If you read through the past winners you'll find that in many cases a very simple model will win. I believe one of the winners that posted a blog post had pretty much the background you describe.

When I started I was in a similar position to you and just wanted to see if I could even tread water with some of the really knowledgeable members of the community. I ended up placing in the top 5 for one of the contests I was in (with btw a really simple model).

They usually give you some starter code in either R or Python which will give you the results for a benchmark, start there and then use cross-validaton to see if you can beat that bench mark, and if you do submit. It's very addictive and you'll come away knowing a lot more than you started with.

Awesome, thanks for the info. I am checking out some of the benchmarks now.

Why do you think it is that simple models often win? Is it due to the experts no participating or is there a lot more low-hanging fruit than I previously thought?

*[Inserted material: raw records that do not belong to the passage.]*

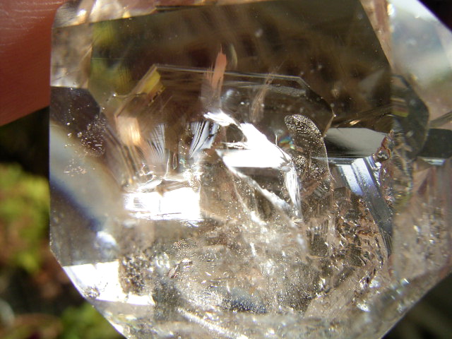 まず結晶オモテ側から言うと、結晶中ほどに、鏡面ヴェール・虹ヴェール・大虹ヴェール・銀河ヴェールが、幻影のように入っています。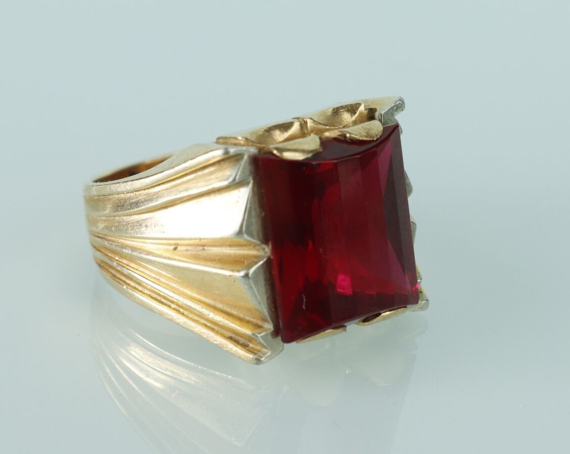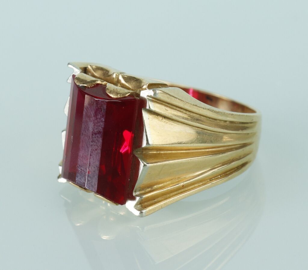 Chevalière in 18-carat yellow gold set with a large red ston…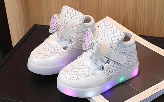 Adorables zapatillas de skate con luces LED y lazo de lentejuelas 🎀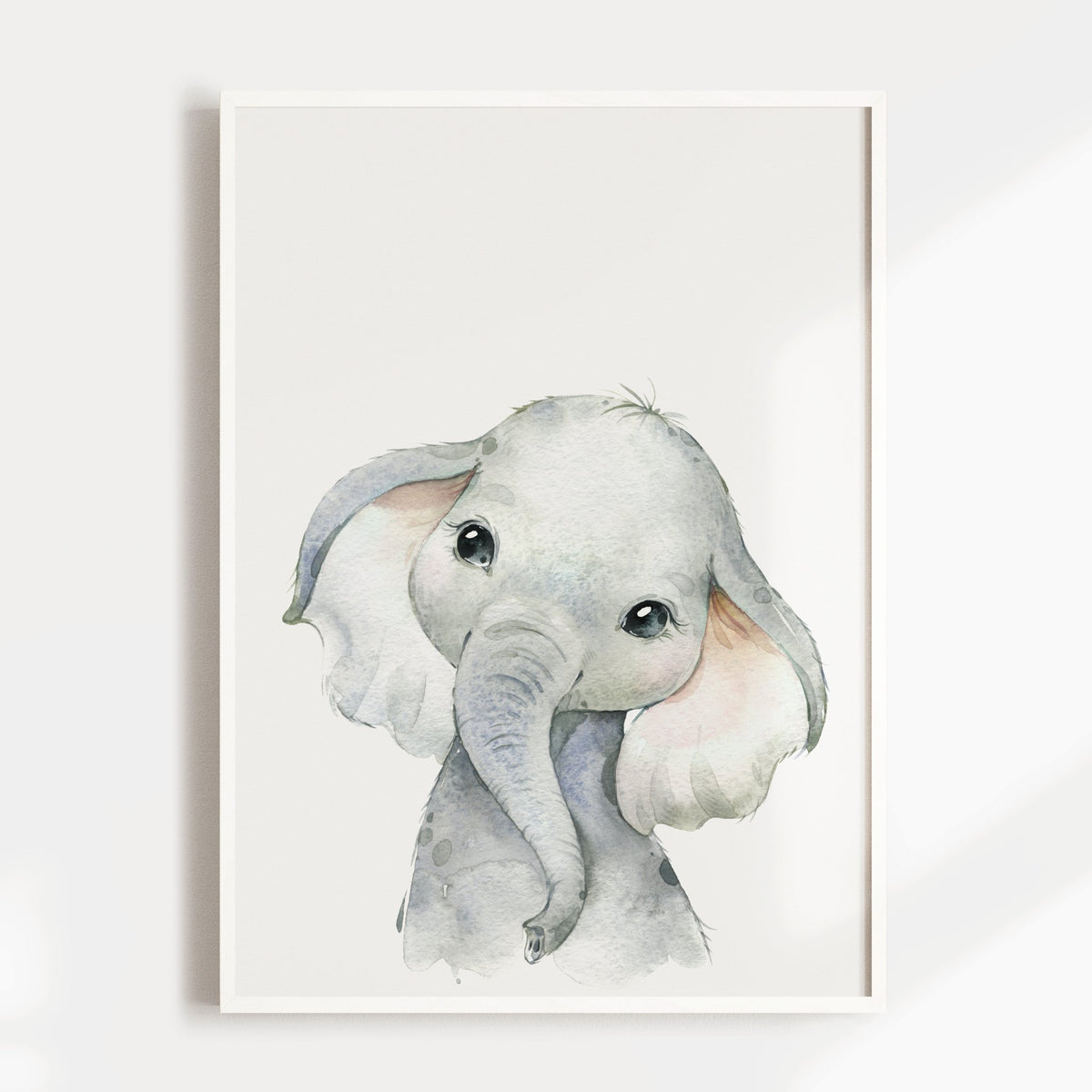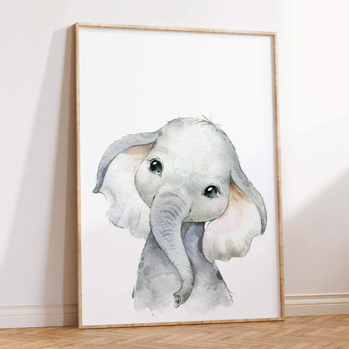 Unit price perA gender neutral baby elephant wall art print, that is perfect for the woodland, jungle or safari nursery and bedroom decor. A perfect new baby gift that can be mixed with our other animal prints in this collection.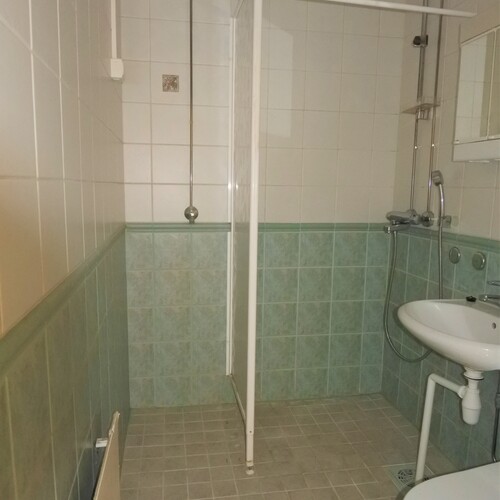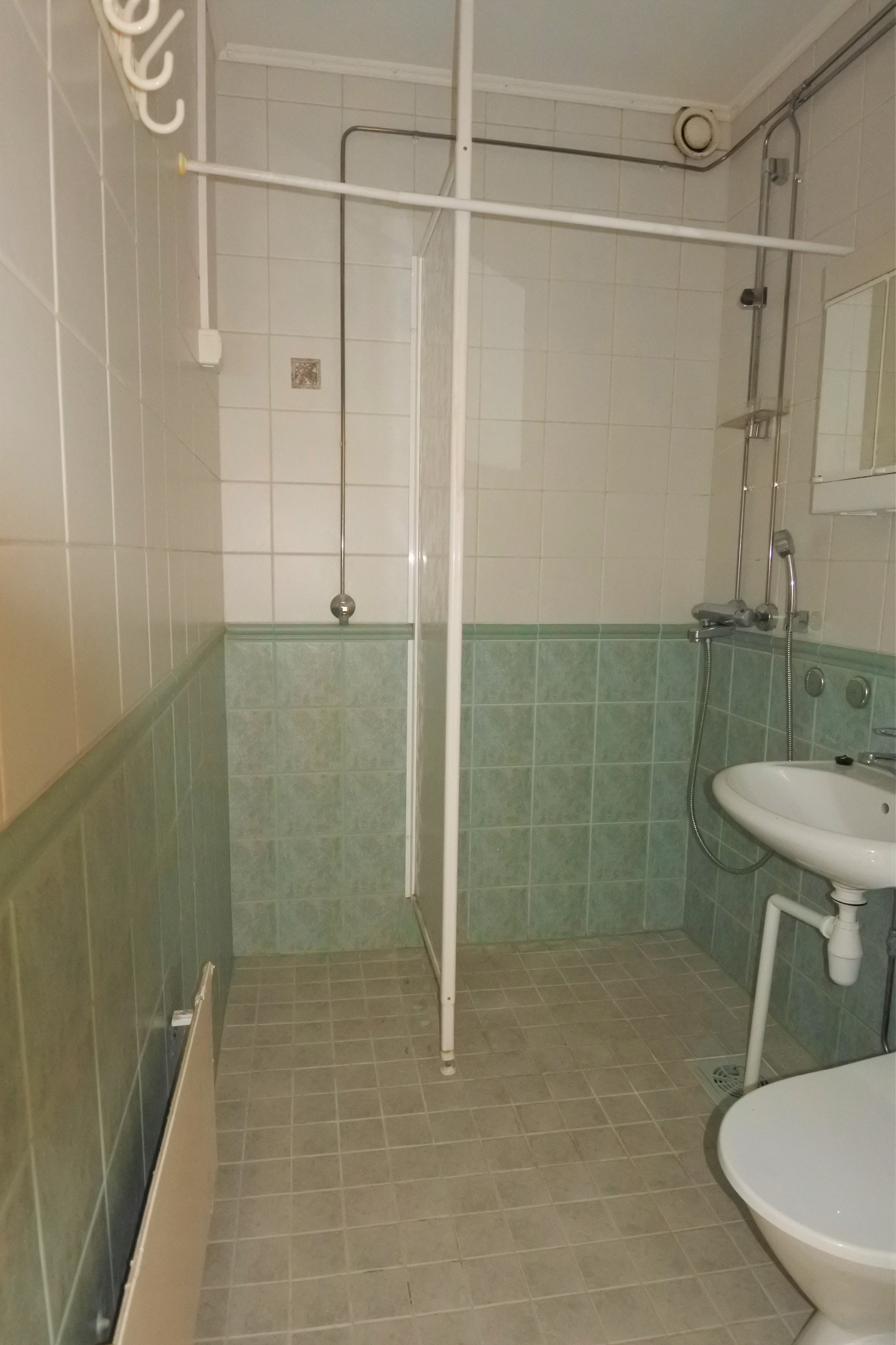Varusteet: suihku, suihkuseinä, pesukoneliitäntä, peilikaappi

Or just that simple models are easier to use and reason with for humans and thus easier to get right.

If you look at some of the bios of the top 50 kaggler's there's some pretty impressive backgrounds there, and they participate heavily. So I don't think that's the reason.

I know for my own beginner mistakes, it's a big error to try something out-of-the-box and immediately try to get better cv scores by creating much more complicated solutions.

The truth is a lot of work has been put into any standard implementation of an SVM, RandomForest etc (and even more work has been put into the theory behind those algorithms). Since I haven't come in 1st in any competition and am not a ML expert I don't think I can give you the correct strategy to win. But I can say as a general trend, all of my attempts to create non-standard complicated models did terribly, and many of the decisions I made based on research into fixing a particular problem in a known solution seemed to be better performing (i.e. "How to deal with imbalanced classification problems with a RF?" type questions)

I work at Kaggle.

In many cases where simple models win, there's some insight into the data that the winner found - engineered a new feature, or noticed a pattern and appropriately tuned a particular method. Where those insights exist, they often overshadow any gains by super-sophisticated ML techniques.

Makes sense. Thanks!
You might not do particularly well (or you might!), but diving into a Kaggle competition is one of the better ways to learn a lot about machine learning very quickly.